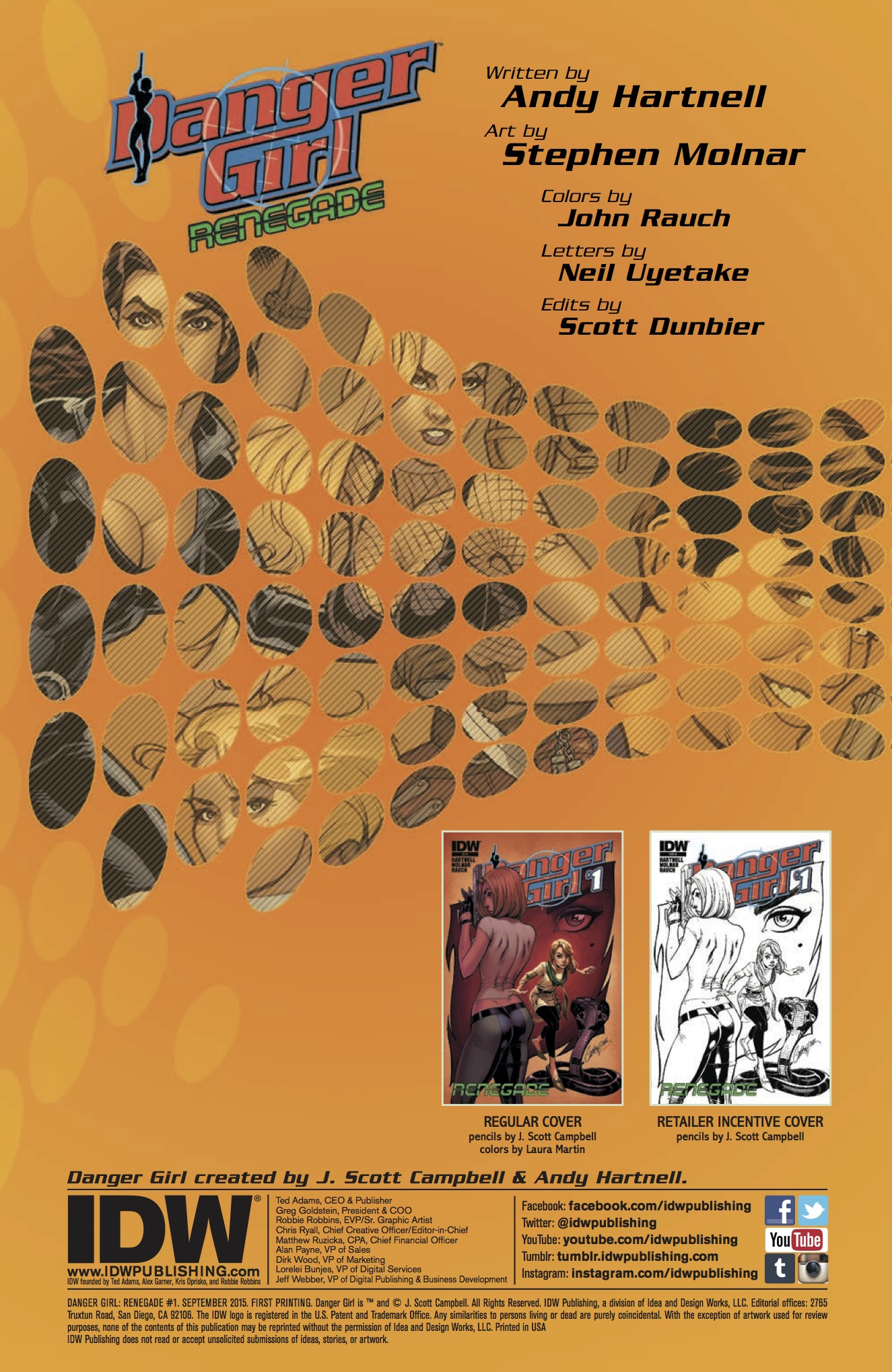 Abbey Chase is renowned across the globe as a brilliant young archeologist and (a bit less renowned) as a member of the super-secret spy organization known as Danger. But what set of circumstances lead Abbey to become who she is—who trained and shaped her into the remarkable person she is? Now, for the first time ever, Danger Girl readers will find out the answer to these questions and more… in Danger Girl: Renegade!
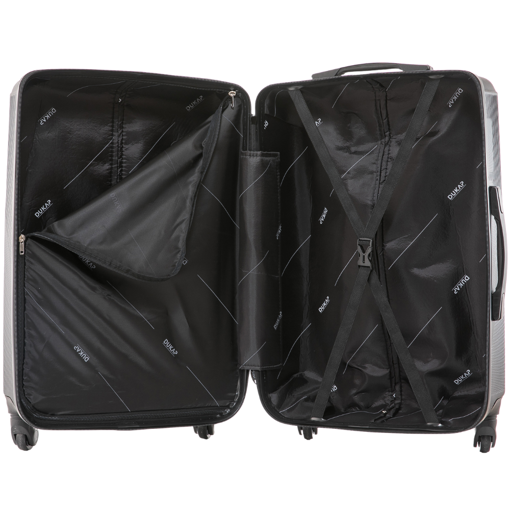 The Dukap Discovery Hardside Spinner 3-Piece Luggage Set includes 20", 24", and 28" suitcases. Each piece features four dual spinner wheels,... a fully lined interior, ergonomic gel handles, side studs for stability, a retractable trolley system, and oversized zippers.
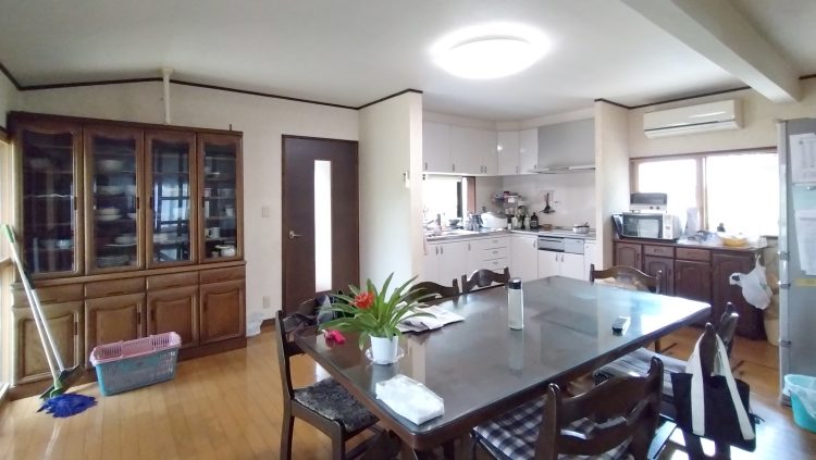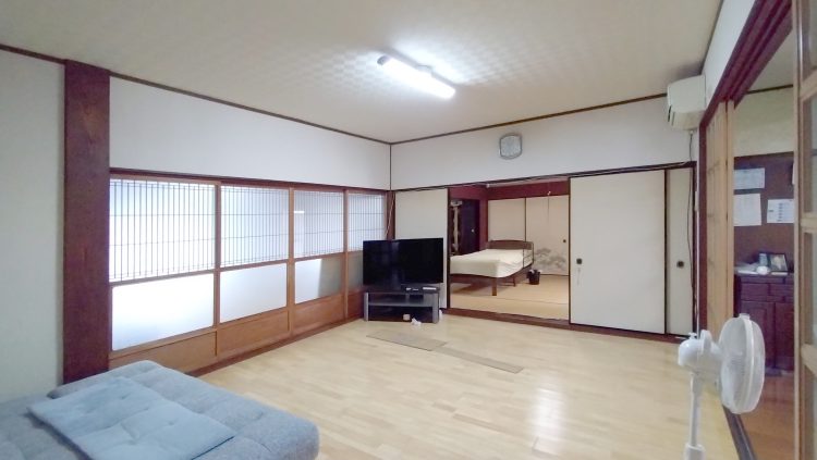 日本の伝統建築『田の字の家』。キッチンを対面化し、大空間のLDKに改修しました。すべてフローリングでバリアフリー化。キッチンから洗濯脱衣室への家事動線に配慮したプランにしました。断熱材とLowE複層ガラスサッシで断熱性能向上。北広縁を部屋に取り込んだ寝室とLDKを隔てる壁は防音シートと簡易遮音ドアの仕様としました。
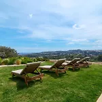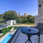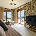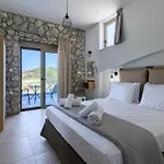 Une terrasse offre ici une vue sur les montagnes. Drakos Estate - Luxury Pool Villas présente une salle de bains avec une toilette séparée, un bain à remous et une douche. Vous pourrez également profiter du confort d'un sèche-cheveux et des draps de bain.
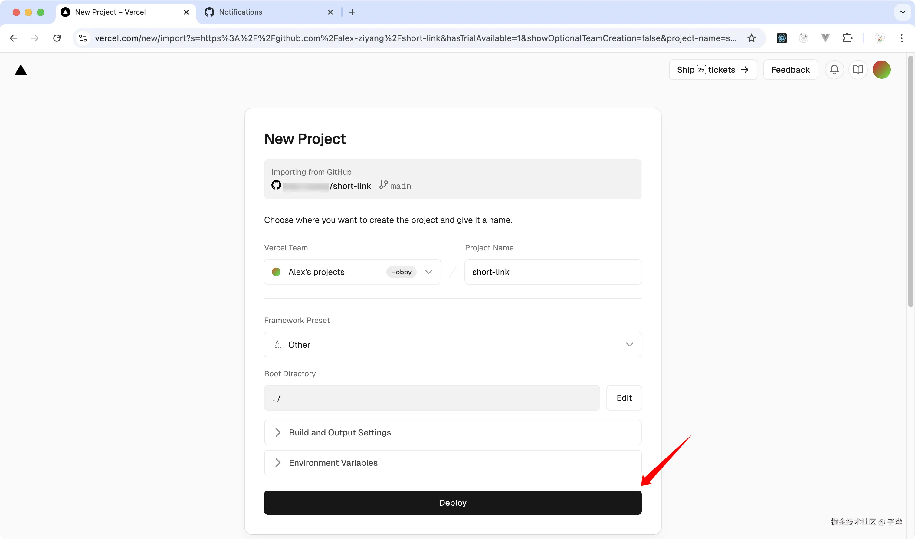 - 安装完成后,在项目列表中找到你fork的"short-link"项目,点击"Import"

** Description of the task **
Print once more, exactly, the lines from the one with "日本の伝統建築『田の字の家』" through the last line of the data, both ends included, without any pictures.

** Exercise response **
 日本の伝統建築『田の字の家』。キッチンを対面化し、大空間のLDKに改修しました。すべてフローリングでバリアフリー化。キッチンから洗濯脱衣室への家事動線に配慮したプランにしました。断熱材とLowE複層ガラスサッシで断熱性能向上。北広縁を部屋に取り込んだ寝室とLDKを隔てる壁は防音シートと簡易遮音ドアの仕様としました。
 Une terrasse offre ici une vue sur les montagnes. Drakos Estate - Luxury Pool Villas présente une salle de bains avec une toilette séparée, un bain à remous et une douche. Vous pourrez également profiter du confort d'un sèche-cheveux et des draps de bain.
 - 安装完成后,在项目列表中找到你fork的"short-link"项目,点击"Import"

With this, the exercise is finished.